WHAT THE TASK ASKS: Output only the lines below from the one holding "A golden-winged angel-like" down to the one holding "men's cotton shirt", both end lines included and every picture dropped.

DATA SECTION:
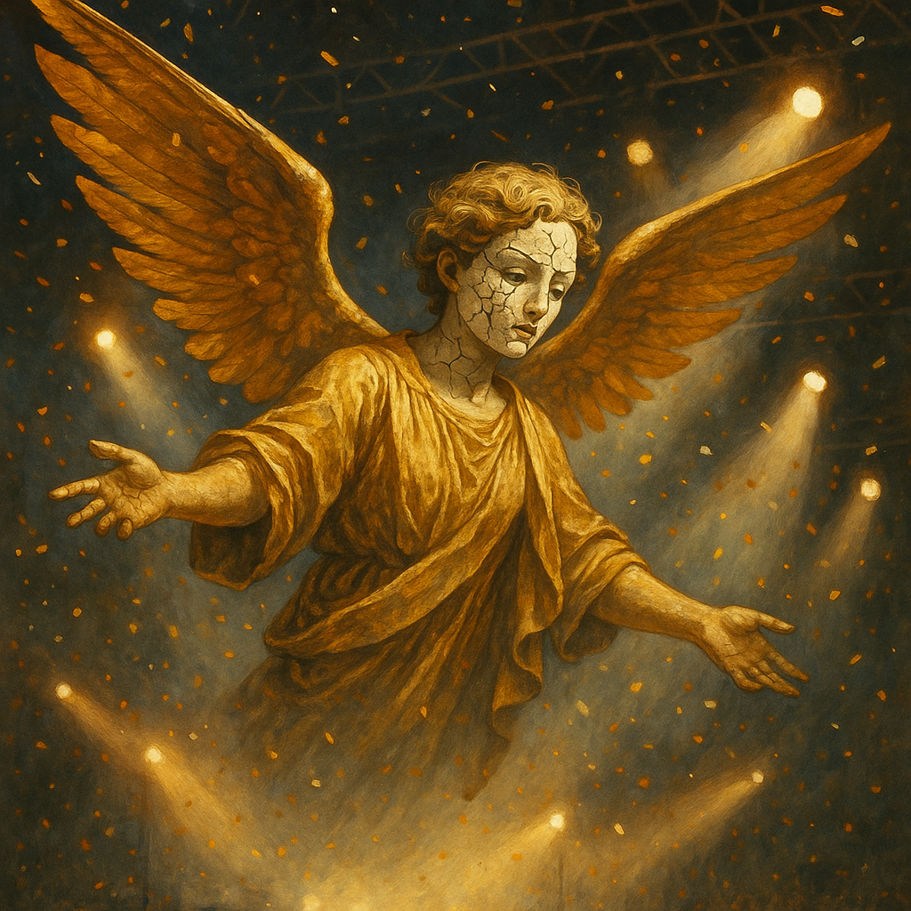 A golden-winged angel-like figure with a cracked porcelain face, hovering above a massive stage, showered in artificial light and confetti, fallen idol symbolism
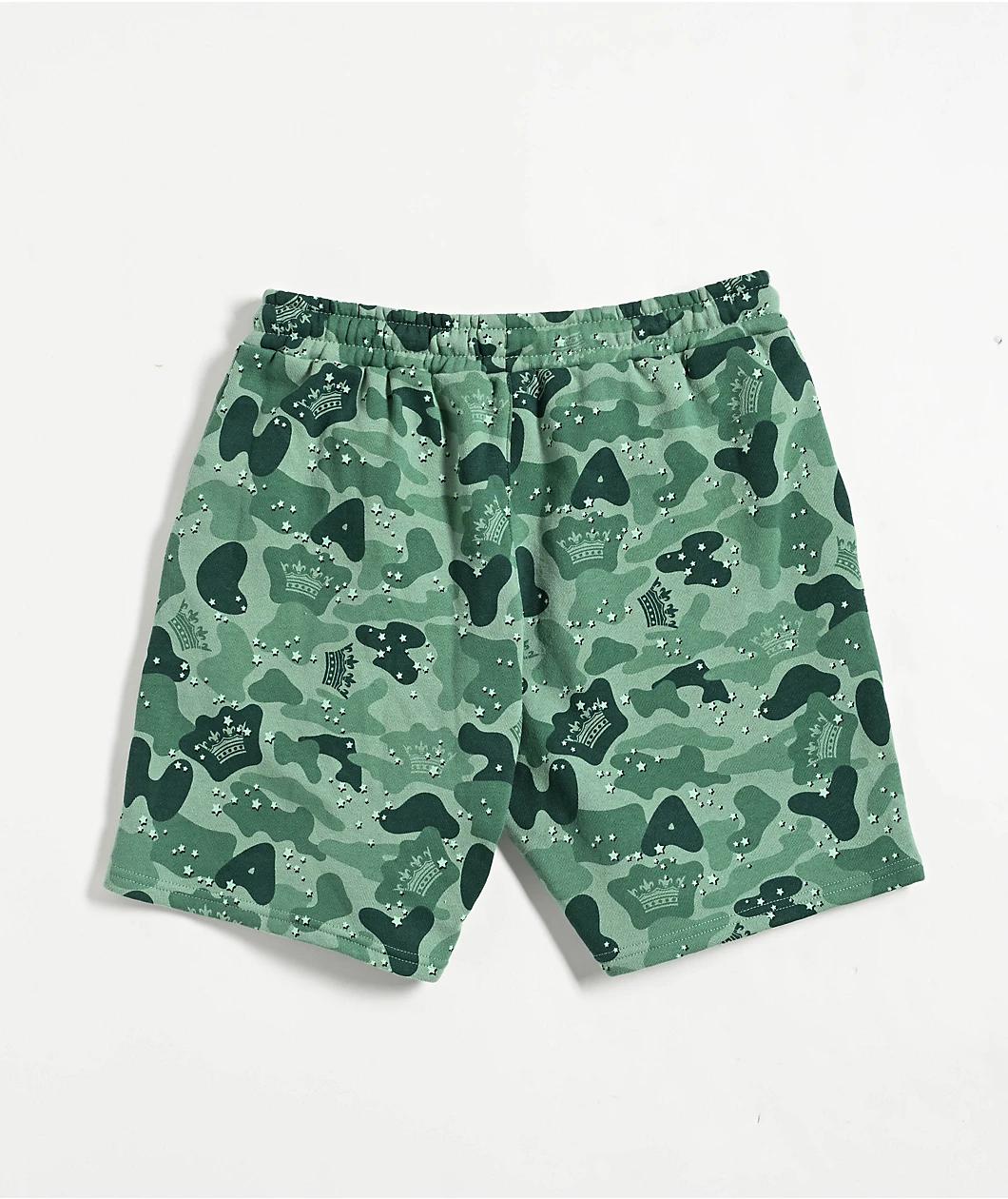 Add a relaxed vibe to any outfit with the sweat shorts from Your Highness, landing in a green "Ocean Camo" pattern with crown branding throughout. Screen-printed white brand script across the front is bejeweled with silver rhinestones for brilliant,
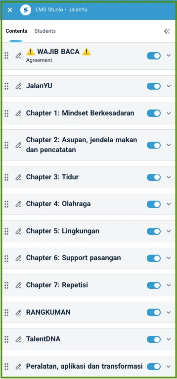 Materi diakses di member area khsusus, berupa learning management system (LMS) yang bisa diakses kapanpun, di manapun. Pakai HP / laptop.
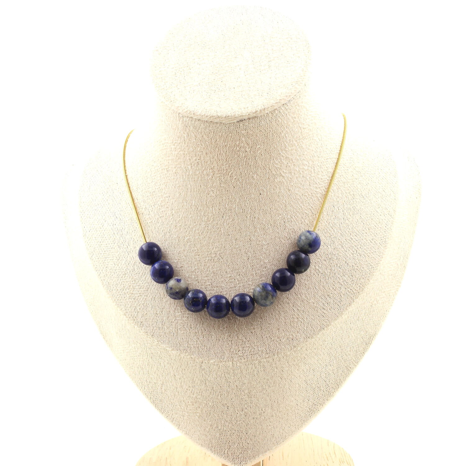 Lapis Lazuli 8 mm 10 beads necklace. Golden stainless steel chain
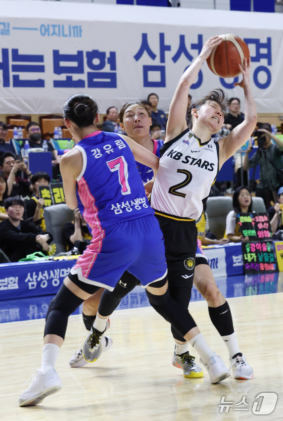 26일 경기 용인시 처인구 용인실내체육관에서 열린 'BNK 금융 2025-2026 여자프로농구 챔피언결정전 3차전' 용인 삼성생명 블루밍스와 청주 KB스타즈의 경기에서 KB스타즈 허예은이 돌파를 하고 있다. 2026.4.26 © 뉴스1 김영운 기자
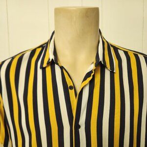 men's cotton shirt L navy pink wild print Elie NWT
==
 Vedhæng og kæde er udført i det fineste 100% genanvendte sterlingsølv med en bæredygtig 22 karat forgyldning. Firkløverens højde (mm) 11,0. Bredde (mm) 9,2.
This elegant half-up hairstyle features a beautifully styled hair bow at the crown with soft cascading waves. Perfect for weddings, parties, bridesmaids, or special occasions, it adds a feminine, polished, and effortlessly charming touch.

TASK RESULT:
 A golden-winged angel-like figure with a cracked porcelain face, hovering above a massive stage, showered in artificial light and confetti, fallen idol symbolism
 Add a relaxed vibe to any outfit with the sweat shorts from Your Highness, landing in a green "Ocean Camo" pattern with crown branding throughout. Screen-printed white brand script across the front is bejeweled with silver rhinestones for brilliant,
 Materi diakses di member area khsusus, berupa learning management system (LMS) yang bisa diakses kapanpun, di manapun. Pakai HP / laptop.
 Lapis Lazuli 8 mm 10 beads necklace. Golden stainless steel chain
 26일 경기 용인시 처인구 용인실내체육관에서 열린 'BNK 금융 2025-2026 여자프로농구 챔피언결정전 3차전' 용인 삼성생명 블루밍스와 청주 KB스타즈의 경기에서 KB스타즈 허예은이 돌파를 하고 있다. 2026.4.26 © 뉴스1 김영운 기자
 men's cotton shirt L navy pink wild print Elie NWT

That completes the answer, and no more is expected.